Secondo le proiezioni, entro il 2050 le Alpi perderanno almeno un terzo della loro massa glaciale anche in scenari di mitigazione; negli scenari più realistici la perdita potrà raggiungere il 60-65%. Il Ghiacciaio di Indren data la sua quota elevata non pare destinato all’estinzione ma verosimilmente rischia di ridursi nei prossimi decenni a un corpo residuo non più attivo. Si nota nel corso delle ultime campagne glaciologiche un ridimensionamento anche a quote superiori a 3.700 metri e l’emersione di rocce di fondo a testimonianza di una progressiva riduzione del suo movimento gravitativo. La fusione glaciale accelera l’instabilità dei pendii, delle morene e la degradazione del permafrost aumentando il rischio di frane, crolli e laghi glaciali instabili. Nei pendii sottostanti a Indren la deglaciazione è accompagnata dalla formazione di piccoli laghi proglaciali, forme tipiche delle fasi di regresso che si ripetono a distanza di decenni a quote sempre più alte. Questi fenomeni non solo incidono sulla sicurezza di percorsi alpinistici e delle comunità a valle, ma possono rappresentare un servizio ecosistemico da gestire in modo adeguato.

Dal punto di vista del turismo sostenibile, il Sesia Val Grande UNESCO Global Geopark offre sul Monte Rosa una panoramica naturalistica e culturale in una delle aree turistiche più attraenti delle Alpi Occidentali, dal massiccio del Monte Rosa al Lago Maggiore. I partecipanti a CFC7 potranno apprezzare il valore della geodiversità: una storia di 500 milioni di anni di rocce, strutture geologiche e forme del paesaggio geomorfologico che registrano i processi che hanno deformato la crosta terrestre e formato le Alpi. I paesaggi valsesiani rivelano in particolare una registrazione dei cambiamenti climatici passati e presenti e dei loro effetti dalle glaciazioni al riscaldamento globale.

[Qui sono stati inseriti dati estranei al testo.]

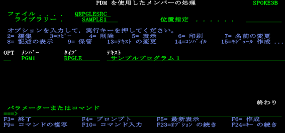 松田:「はい。先ほど『F6キー』を押してメンバー追加を行ったPDMの画面に戻りましたね。(もし、戻らない場合は、コマンド『WRKOBJPDM LIB(SAMPLE1) OBJ(QRPGLESRC) OBJTYPE(*FILE) 』を入力、実行キーを押してPDMの画面を表示します。)ソースメンバー【PGM1】ができていますね。では、コンパイルする前に、コンパイルの設定を確認するために、『F18』キーを押しましょう。」
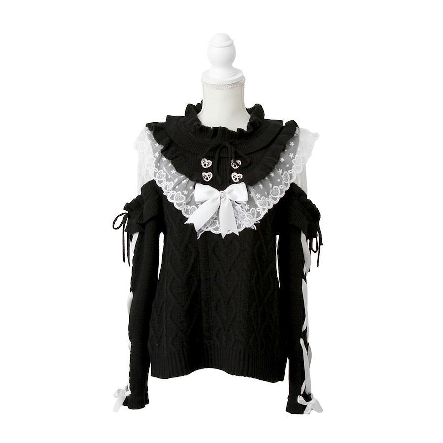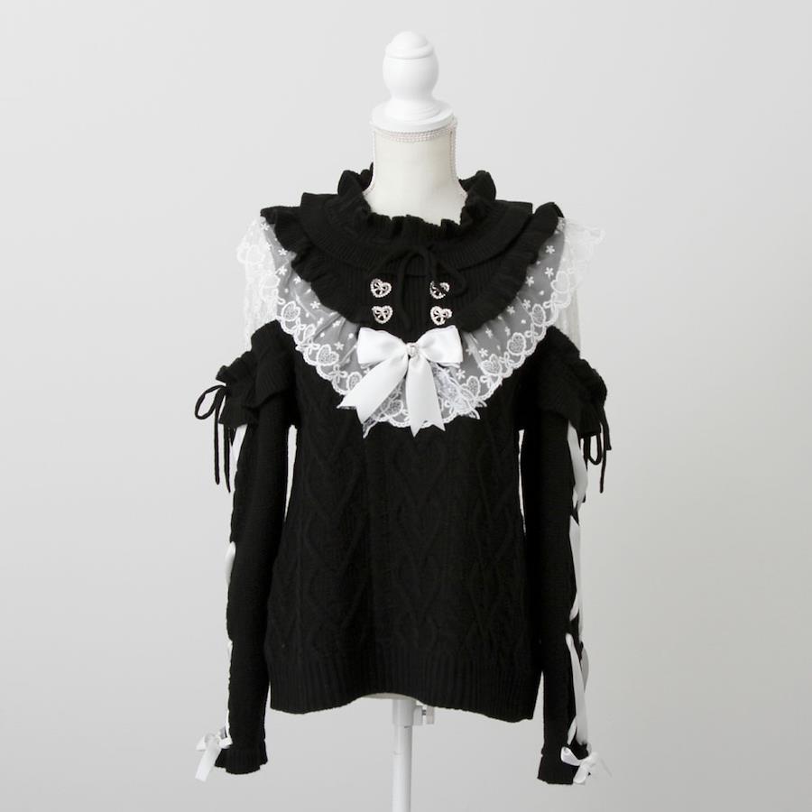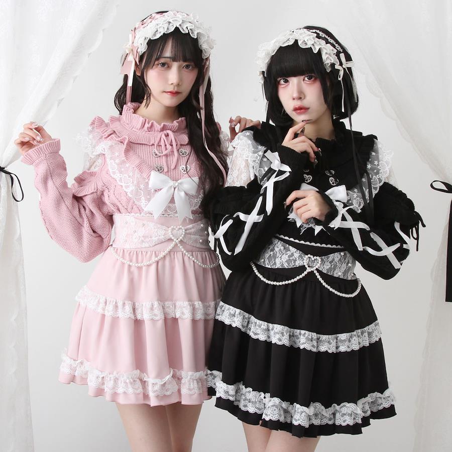 袖レースアップフリルハートビジューニットトップス【デザイン】ハイネックのニットトップスになります。襟部分のフリルがたくさんあって、お好みで調節可能ヨーク部分はキラキラビジューハートリボン釦が付いてます。ハート柄のレースフリルもかわいいポイント♪肩袖部分はレースで透けて肌チラッと見えるのもかわいい配色のレースアップもあり、横から見るも甘かわいい【素材】伸縮性と落ち感のあるニット素材で、春も着やすいサラッとした素材感です。【コーディネート】冬や春にも着れるニットトップス♪甘めコーデにピッタリのアイテムになります。スカートにインするのがオススメです。《透け感》カラーによってあり 《生地の厚さ》普通 《裏地》なし 《伸縮性》ややあり《生産国》中国
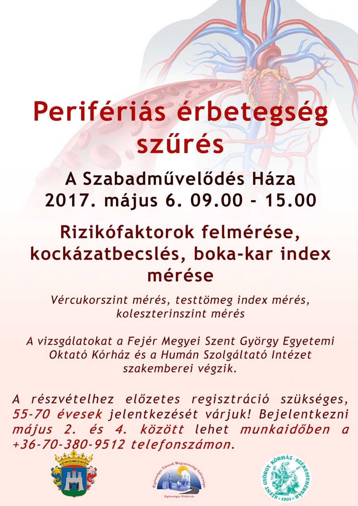 Ismét lesz perifériás érbetegség szűrés Székesfehérváron. Az ingyenes vizsgálatokat május 6-án, szombaton tartják A Szabadművelődés Házában. Elsősorban az 55-70 év közöttiek részvételét várják előzetes bejelentkezés alapján. Ismét lehetőség lesz a vércukorszint, a koleszterinszint és a testtömeg-index mérésére, várható továbbá kockázatbecslés és boka-kar index számítás.
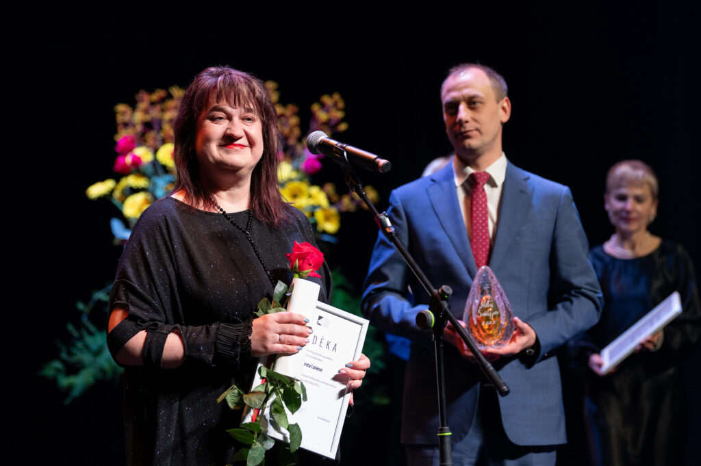 Renginio kulminacijos metu paskelbta „Metų švietėjas 2025“ titulo laureatė – Loreta Latvienė, Kauno jėzuitų gimnazijos geografijos mokytoja ekspertė.
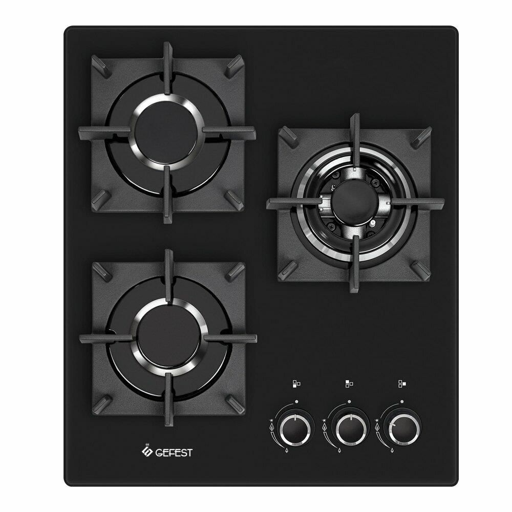 Габаритные размеры ШхГхВ: 45х52.5х10 см. Цвет: черный. Варочная поверхность: стеклянная, "Газ-контроль" горелок стола. Три горелки: одна горелка - двухзонная, две горелки - средней мощности. Встроенный электророзжиг в ручки, фиксированное положение "малое пламя". Чугунные решетки.
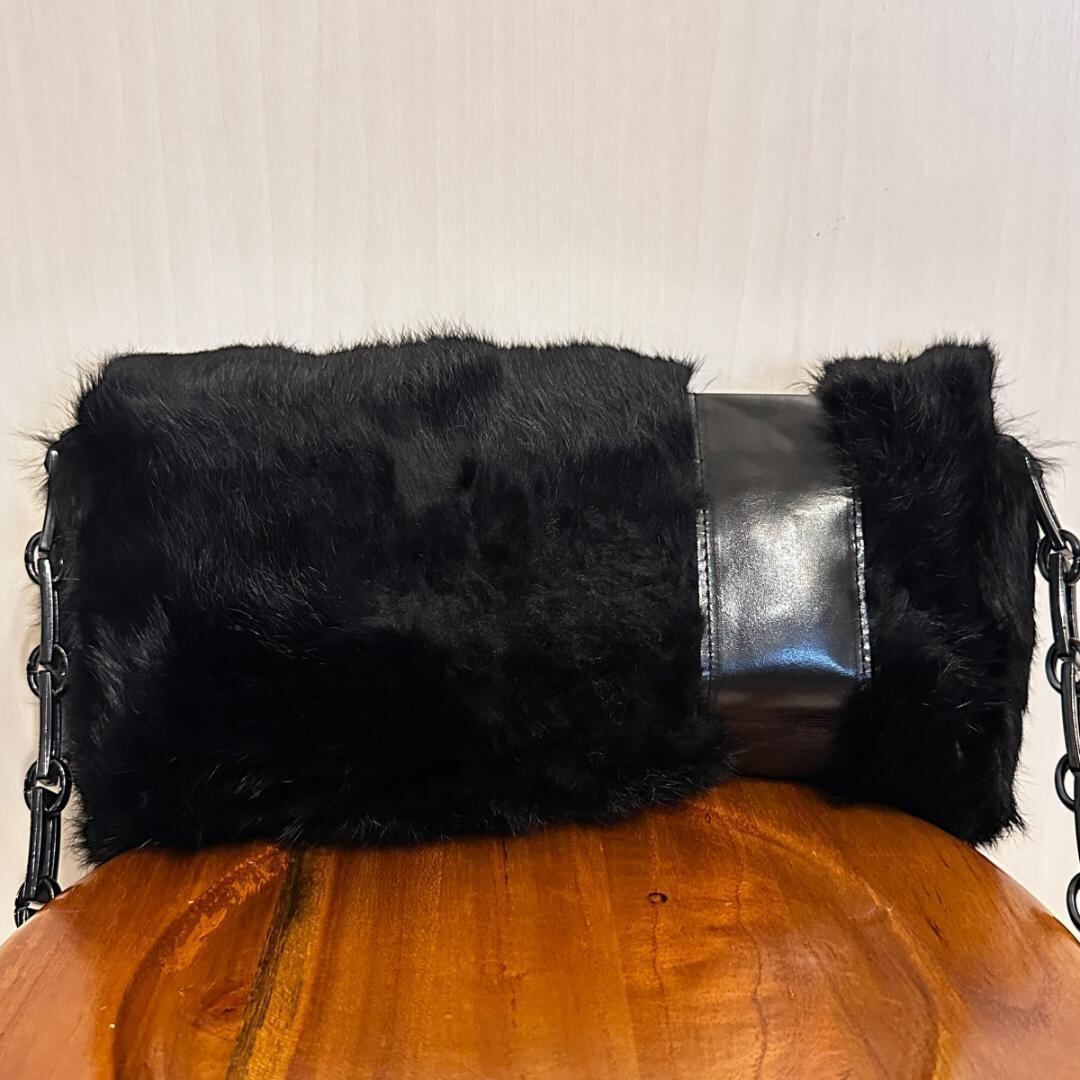 ふわふわとしたフェイクファー素材が目を惹くデザインで、秋冬コーデにぴったりの存在感をプラス。コンパクトなサイズ感ながらマチがあり、財布やスマホなど必要な小物をしっかり収納可能。シンプルなスタイリングのアクセントとして活躍するアイテムです。

I due giorni di incontro in Valsesia dimostrano che il patrimonio geologico del Geoparco Sesia Val Grande è di grande rilevanza scientifica, economica e sociale. Il motto del Geoparco “Dove la pietra diventa cultura” è un riconoscimento dell'importanza delle rocce locali nel panorama culturale e nell’architettura. Inoltre, la cultura Walser evoca ricordi della Piccola Era Glaciale (1450-1850) e dimostra un comportamento proattivo nei confronti del cambiamento climatico, conferendo al Geoparco una prospettiva sostenibile per un maggiore turismo, impegno pubblico e attività di educazione ambientale.

L’area del Monte Rosa, dove vivono comunità alpine come quelle Walser che hanno saputo adattarsi nei secoli a condizioni ambientali estreme, ospita l'Istituto scientifico Angelo Mosso dell’Università di Torino. Inaugurato nel 1907, è situato a un’altitudine di 2.901 metri sull’altopiano periglaciale di Cimalegna. L’Istituto è intitolato ad Angelo Mosso, suo ideatore e professore di Fisiologia umana all'Università di Torino dal 1879 al 1910.

Nel 2023 l’Università di Torino ha istituito qui il “Laboratorio ad elevata complessità Istituto Scientifico Angelo Mosso”, promosso dai Dipartimenti di Neuroscienze “Rita Levi Montalcini”, di Scienze Agrarie, Forestali e Alimentari e di Scienze della Terra. L’Istituto si occupa di studi interdisciplinari su temi cruciali tra cui fisiologia e medicina di montagna, glaciologia, meteorologia, botanica, pedologia, geomorfologia, geologia, biogeochimica, nivologia e idrologia, con particolare attenzione ai cambiamenti climatici e all'impatto sul territorio alpino.  L’Angelo Mosso, incluso nella Rete LTER Italia, si è affermato come un centro di eccellenza a livello europeo per la ricerca, l’alta formazione e la divulgazione scientifica in ambiente alpino, con un impegno marcato verso l’innovazione, la sostenibilità e la valorizzazione del patrimonio naturale e culturale delle montagne italiane.

Nell’autunno del 2024 sono terminati presso l’Istituto i lavori per la realizzazione del nuovo museo, a cura dell’Ateneo, grazie a un finanziamento del GAL Valsesia. I contenuti delle diverse sezioni, che spaziano dalla storia dell’Istituto, alla descrizione della figura di Angelo Mosso, agli studi sui ghiacciai, la neve e le valanghe, alla geologia e pedologia, sono stati predisposti dai Dipartimenti sopracitati ed elaborati da auroraMeccanica srl, che ha realizzato le installazioni multimediali e percorsi interattivi del museo.